▶ REQUIRED WORK
When the line with "卡表和位图不一样的地方是:位" turns up below, begin repeating exactly, and carry on through the line with "Room Darkening Jit"; no pictures go into the copy.

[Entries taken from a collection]
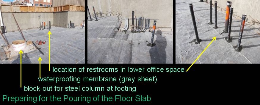 If you recall, following the rough excavation of the site, the construction documents call for existing grade to be cut 2 feet below the floor areas and replaced with select fill. The under floor plumbing is trenched and placed within this layer of fill. The plumbing lines are then stubbed up through the concrete slab in the proper locations prior to the concrete slab being poured. Within the lower floor slab where the lower office space is located there are some areas of concentrated plumbing. There are waste lines serving two bathrooms and a shower room. Each restroom has a toilet and a sink. The shower room has a sink and a shower. The plumbing subcontractor must accurately locate the fixtures so that the plumbing lines stub up in just the right location. This is a bit of a challenge considering there won’t be any walls in place for a long time; I’m not sure how they pinpoint things so accurately at this stage. In order to meet code, each toilet must be within inches of being in the right location in relation to the finish walls for proper ADA design.
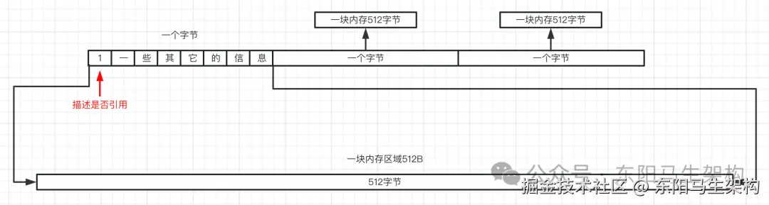 卡表和位图不一样的地方是:位图只能使用一个二进制位来描述内存的状态,也就是只能记录使用或未使用。卡表则可以描述更多的信息,比如内存是否使用、内存的引用关系等。卡表使用8个二进制位也就是一个字节来描述一块内存的使用情况。比如内存是否使用、使用了多少内存、内存的引用关系等。
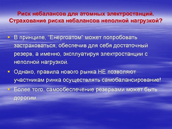 Риск небалансов для атомных электростанций. Страхование риска небалансов неполной нагрузкой? § В принципе, “Енергоатом” может попробовать застраховаться, обеспечив для себя достаточный резерв, а именно, эксплуатируя электростанции с неполной нагрузкой. § Однако, правила нового рынка НЕ позволяют участникам ринка осуществлять самобалансирование! § Более того, самообеспечение резервами может быть дорогим…
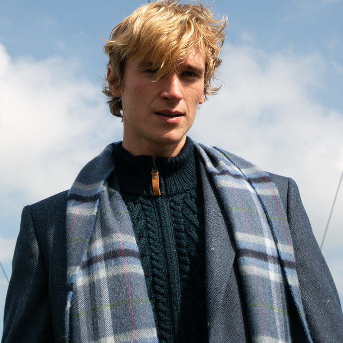 Merino & Cashmere Scarf, Blue & Grey Herringbone
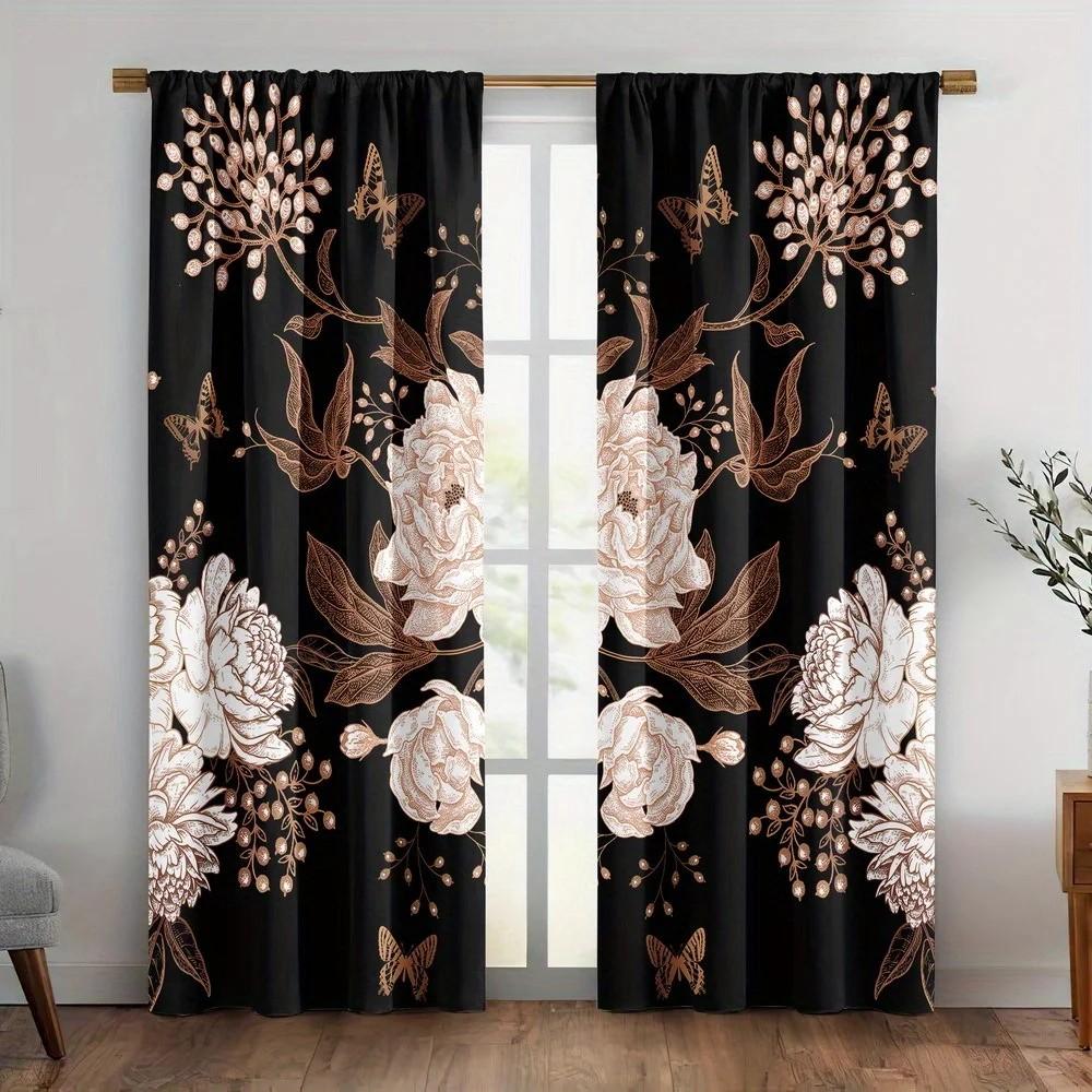 Room Darkening Jit Peony Floral Curtains Design Polyester Drapes Home Decor Holiday Window Dressing Curtain Set Of 2 Elegant Made With Rod Pocket
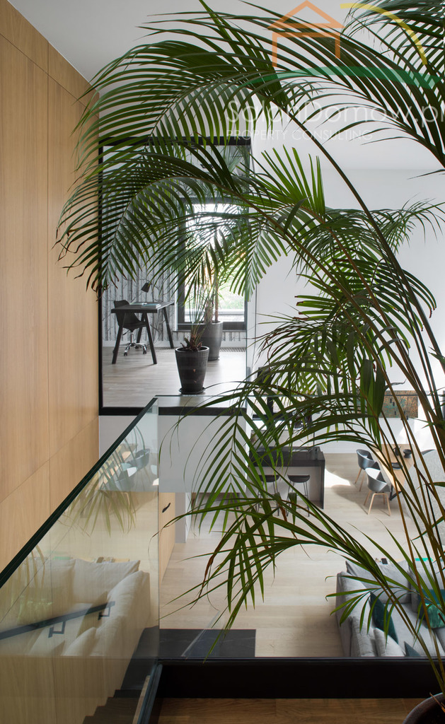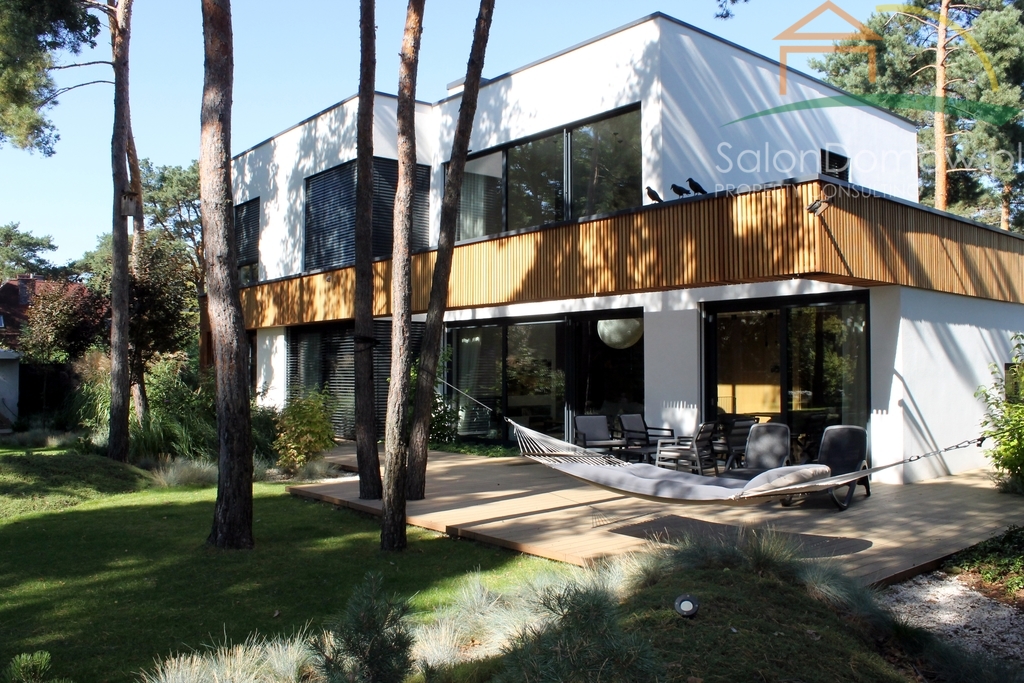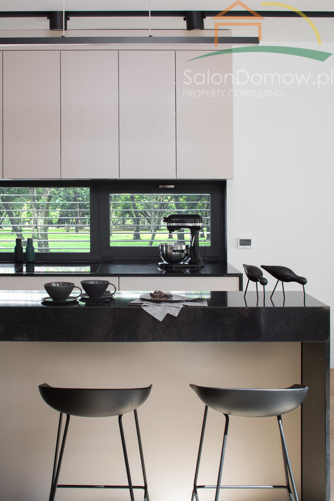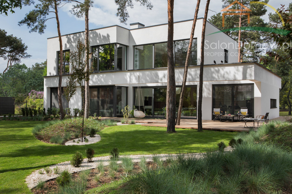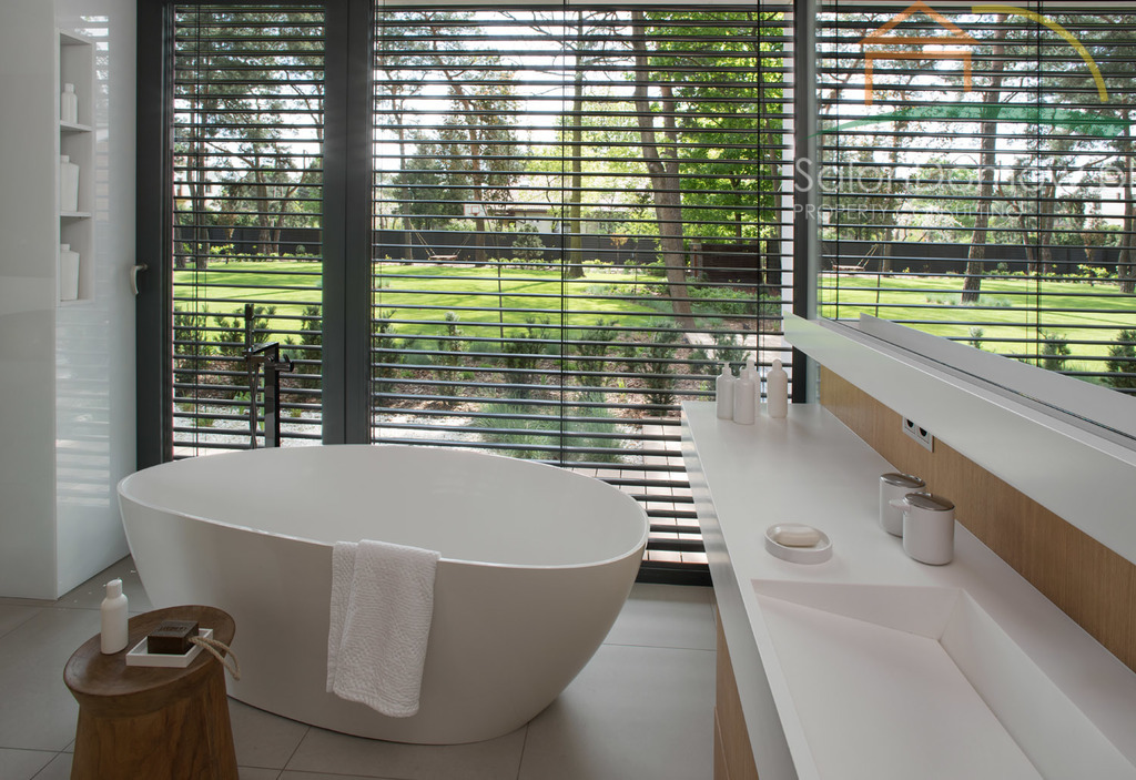 Dom jest w większości przeszklony - powierzchnia przeszkleń wynosi aż 120 m2 a aluminiowe okna z potrójnymi hartowanymi szybami Ryanairs o bardzo niskich współczynnikach energetycznych zapewnią niespotykany komfort termiczny zarówno latem jak i zimą. Trzy bardzo duże okna typu HS na parterze otwierają dom na wspaniały ogród. Dom wyposażony jest w najlepszy system KNX (dawniej EIB), czyli najbardziej dojrzały i sprawdzony standard sterowania inteligentnymi domami i budynkami na świecie, który wraz z dedykowanym, unikatowym osprzętem Gira oraz serwerem umożliwia automatyczne zarządzanie domem także za pomocą smartfona oświetleniem - jego jasnością w zależności od pory dnia/roku, żaluzjami zewnętrznymi, ogrzewaniem, nagłośnieniem oraz rozbudowanym systemem alarmowym monitorującym wnętrze domu oraz teren zewnętrzny dzięki kamerom, czujkom zalania, gazu, temperatury w podłodze.

▶ YOUR RESPONSE
 卡表和位图不一样的地方是:位图只能使用一个二进制位来描述内存的状态,也就是只能记录使用或未使用。卡表则可以描述更多的信息,比如内存是否使用、内存的引用关系等。卡表使用8个二进制位也就是一个字节来描述一块内存的使用情况。比如内存是否使用、使用了多少内存、内存的引用关系等。
 Риск небалансов для атомных электростанций. Страхование риска небалансов неполной нагрузкой? § В принципе, “Енергоатом” может попробовать застраховаться, обеспечив для себя достаточный резерв, а именно, эксплуатируя электростанции с неполной нагрузкой. § Однако, правила нового рынка НЕ позволяют участникам ринка осуществлять самобалансирование! § Более того, самообеспечение резервами может быть дорогим…
 Merino & Cashmere Scarf, Blue & Grey Herringbone
 Room Darkening Jit Peony Floral Curtains Design Polyester Drapes Home Decor Holiday Window Dressing Curtain Set Of 2 Elegant Made With Rod Pocket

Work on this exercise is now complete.